Runaway notices, on the other hand, often convey judgments of slave owners with regard to the character and psyche of enslaved persons. The rewards offered tell us about the perceived value the owner places on the self-liberated individual. They offer more visual physical details; about height, identifying features and attributes such as scars, unusual gaits or mannerisms. A different set of skills is depicted, as well.
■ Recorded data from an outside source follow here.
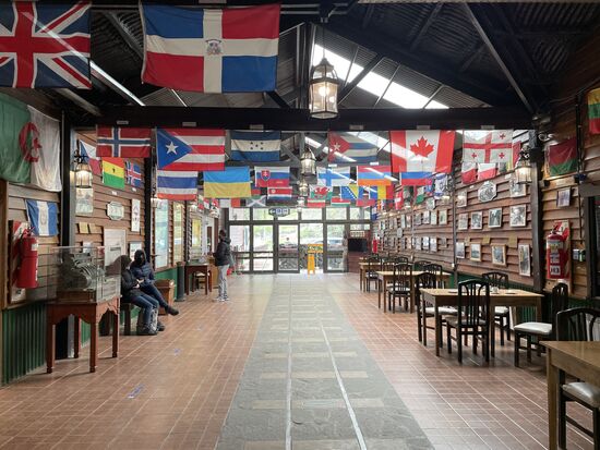 In der Bahnhofhalle sehe ich, dass es verschiedene Züge gibt. Die beiden ersten sind bereits losgefahren, jetzt wird Zug Nummer 3 bereit gemacht, ich bin in Gruppe 4. Also genügend Zeit, mich umzusehen. Der Zug ist sehr beliebt und begrüsst seine Gäste aus der ganzen Welt. mit ihren Landesflaggen. Auch eine Schweizer Fahne entdecke ich nach einigem Suchen in einer Ecke.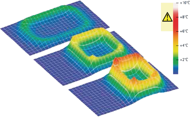 負(fù)極板可以安全自動(dòng)監(jiān)測(cè)、控制和報(bào)警,能有效防止儀器在異常情況下灼傷患者,安全性更高。 為了防止電外科手術(shù)過(guò)程中患者皮膚灼傷,全球電外科安全標(biāo)準(zhǔn)要求分散墊下方的溫升限制為6°C。熱成像測(cè)試證明FINESSE + Fin CQM系統(tǒng)可以在發(fā)生焊盤部位燒傷之前安全地關(guān)閉輸出。頂部圖像顯示完全連接的分散墊的最大溫升為2.2°C。當(dāng)墊偏離患者皮膚橫向剝離時(shí),F(xiàn)in CQM系統(tǒng)將檢測(cè)到錯(cuò)誤狀況。在Fin CQM允許的最極端條件下,檢測(cè)到的最大溫升為4.4°C(中心圖像)。如果沒(méi)有Fin CQM(底部),持續(xù)的墊分離會(huì)導(dǎo)致明顯的皮膚發(fā)熱,這可能會(huì)導(dǎo)致嚴(yán)重的患者灼傷。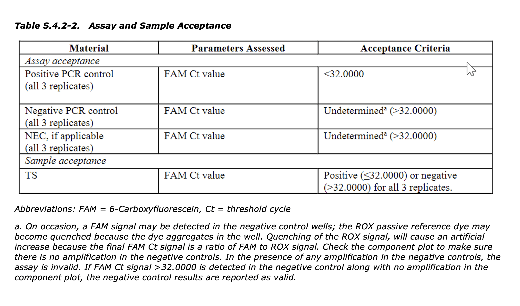 There acceptance criteria is only if this assay is below CT 32 and their NTCs are greater than CT 32. But they will not share this CT value because if they did it would reveal their 100X over the DNA limit issue.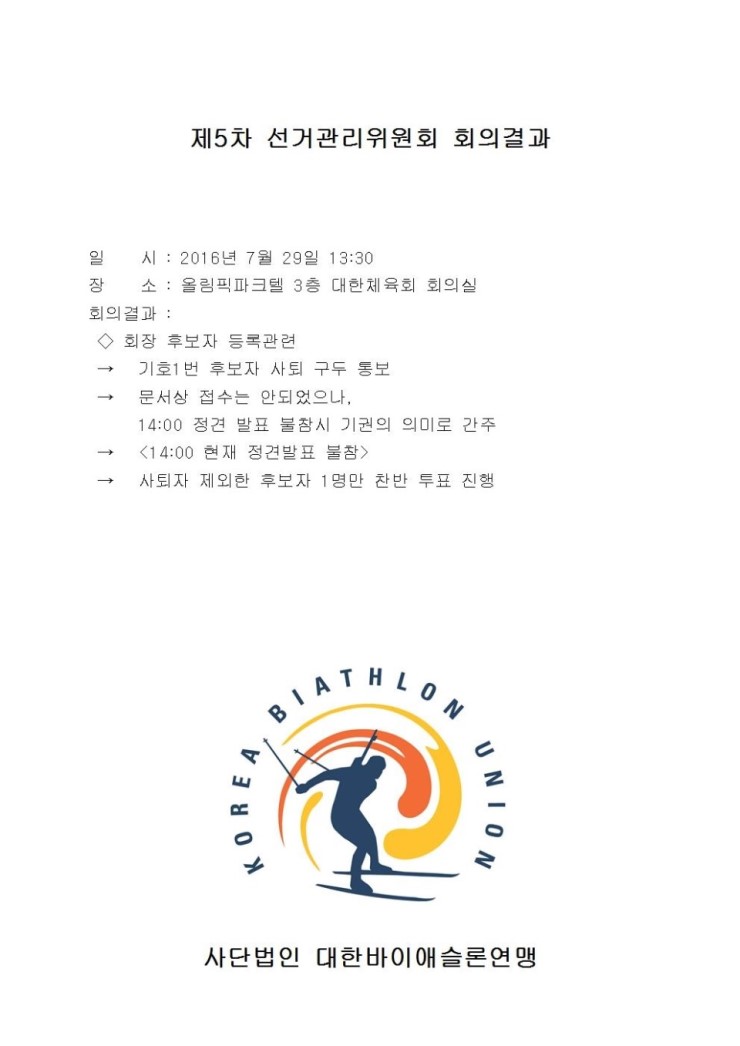 2016. 7. 29 Á¦5Â÷ ȸÀå¼±°Å°ü¸®À§¿øÈ¸ ȸÀǰá°ú

Advertisements for the sale of slaves include almost no details about artistic or performative talents, but runaway notices include intriguing details not included as a tribute to the individual, but in hopes of calling the attention of other whites to the escaped slave attempting to blend in among the free blacks in a given place.
In the summer of 1809, one Poughkeepsie resident sought to appeal to the broadest market, offering “a healthy negro wench” of 21 who “will suit in town or country, can spin, and do all kind of house work.”
Indeed, the market demanded that female slaves from as young as 13 years old be “acquainted with” or “understand” — “all kinds of housework.” An early variation on the theme was published in the Country Journal at Poughkeepsie in 1786:
Based on the ads published in and around Poughkeepsie during the period of gradual abolition, “every other kind of housework” was shorthand for the two broad categories of kitchen work and general house work. Kitchen work included cooking (or in one case, cookery), baking and washing. Some ads characterize the woman’s cooking as ‘good,’ as above, or ‘plain,’ as in a 1796 advertisement for one of Henry G. Livingston’s female slaves, whose skills made her, in Livingston’s view “well calculated for a tavern.”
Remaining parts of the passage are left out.